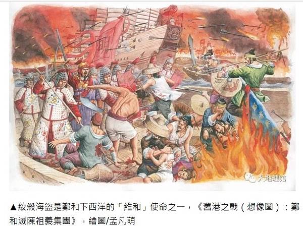 ▲絞殺海盜是鄭和下西洋的「維和」使命之一,《舊港之戰(想像圖):鄭和滅陳祖義集團》,繪圖/孟凡萌
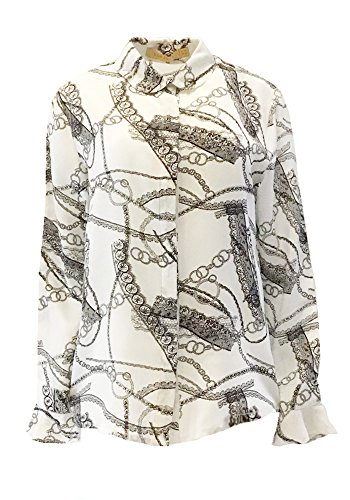 ANA PIRES MILANO Camicia Pietra, 100% Seta, Fantasia Bianca e Nero, Collo Tondo, Bianca, Taglia 44
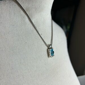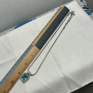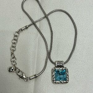 Brighton Regina Necklace Square Blue Crystal Pendant Silver Plated 17" & Tin
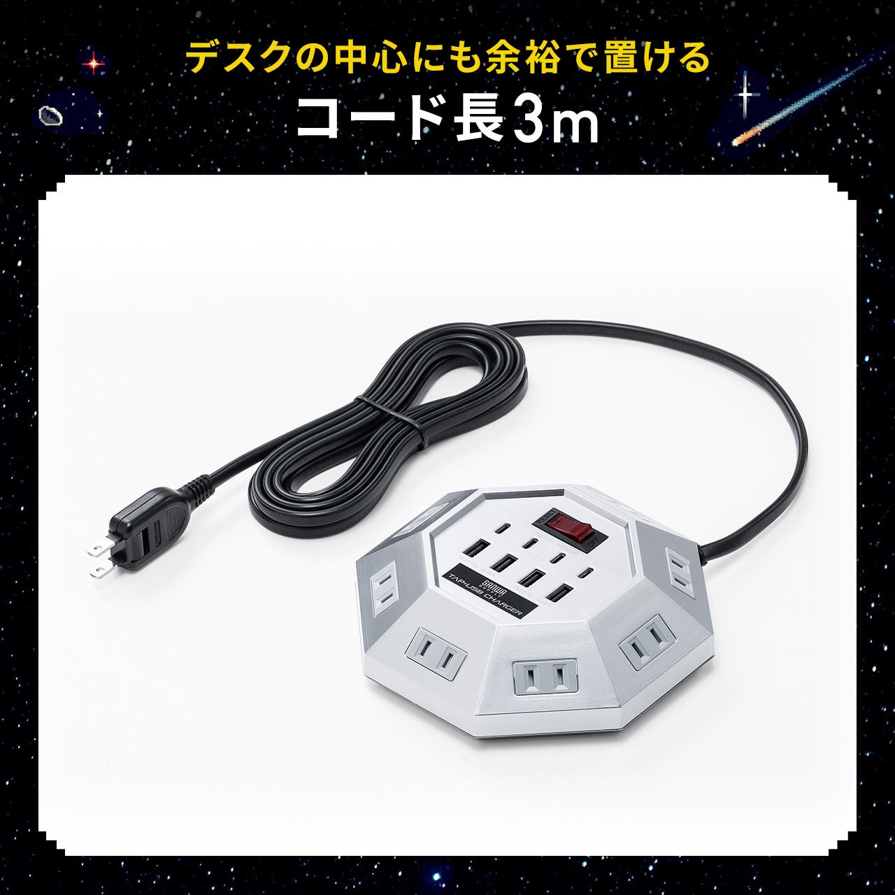 電源タップ USB充電付 クランプ固定 8個口 八角形 Type-C対応 ケーブル3m シルバー
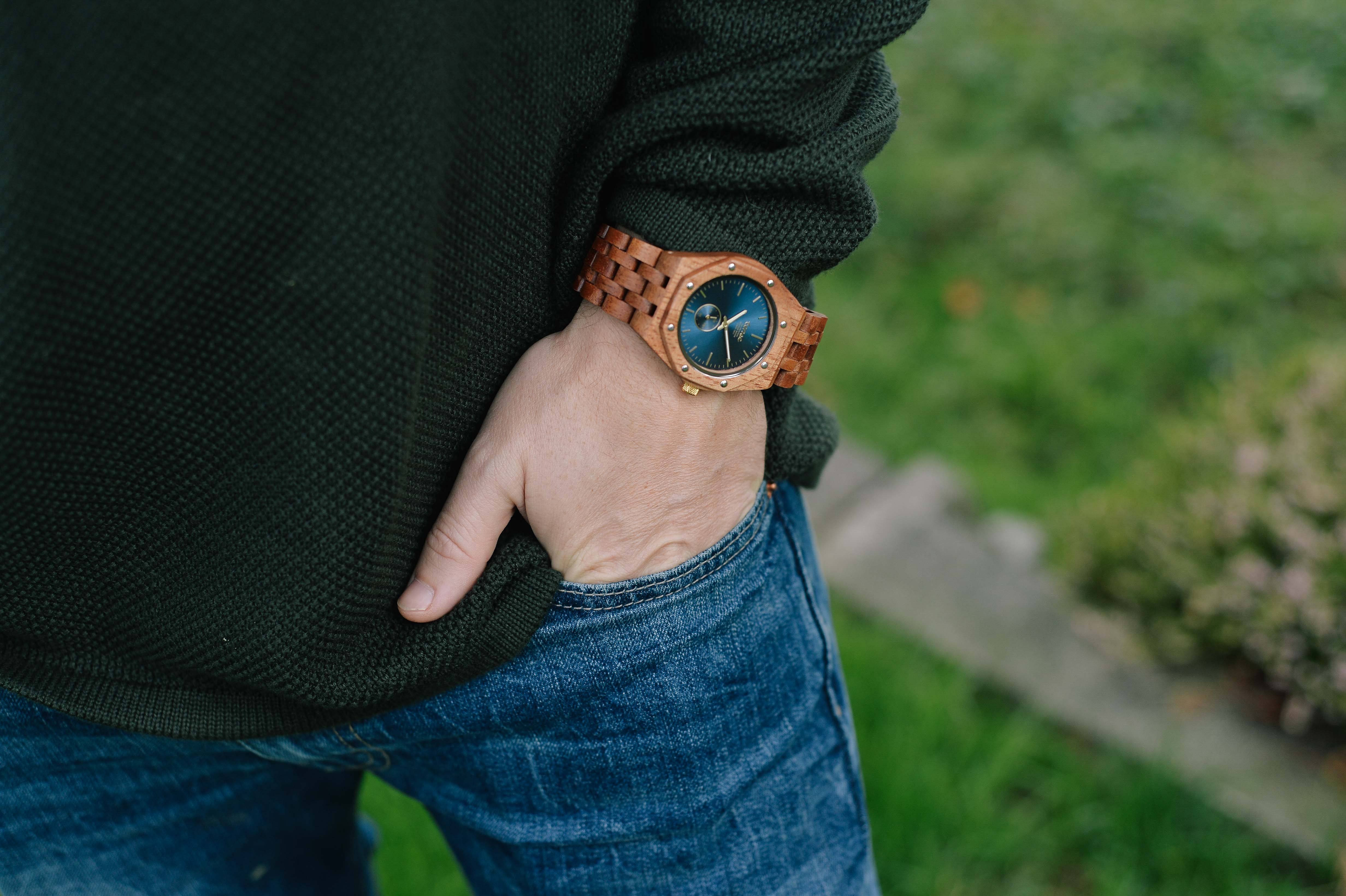 This men's watch shows hour, minute, and second markers on an octagonal face. The Washington North is made from 100% recycled or reclaimed wood, with Miyota watch movement from Japan and is adjustable in size with stainless steel crown and clasp.
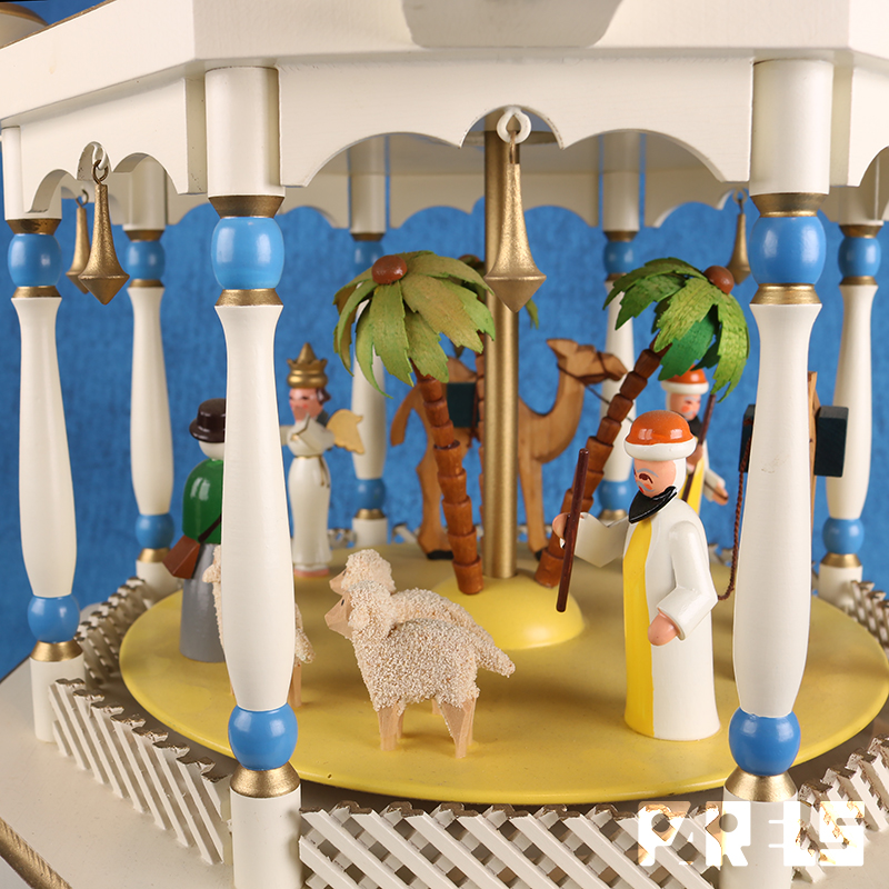 Prachtige grote antieke houten kerstpiramide in zeer goede staat.

Exercise brief –
Every line above goes into your copy exactly; no images go in.

Answer to the exercise –
 ▲絞殺海盜是鄭和下西洋的「維和」使命之一,《舊港之戰(想像圖):鄭和滅陳祖義集團》,繪圖/孟凡萌
 ANA PIRES MILANO Camicia Pietra, 100% Seta, Fantasia Bianca e Nero, Collo Tondo, Bianca, Taglia 44
 Brighton Regina Necklace Square Blue Crystal Pendant Silver Plated 17" & Tin
 電源タップ USB充電付 クランプ固定 8個口 八角形 Type-C対応 ケーブル3m シルバー
 This men's watch shows hour, minute, and second markers on an octagonal face. The Washington North is made from 100% recycled or reclaimed wood, with Miyota watch movement from Japan and is adjustable in size with stainless steel crown and clasp.
 Prachtige grote antieke houten kerstpiramide in zeer goede staat.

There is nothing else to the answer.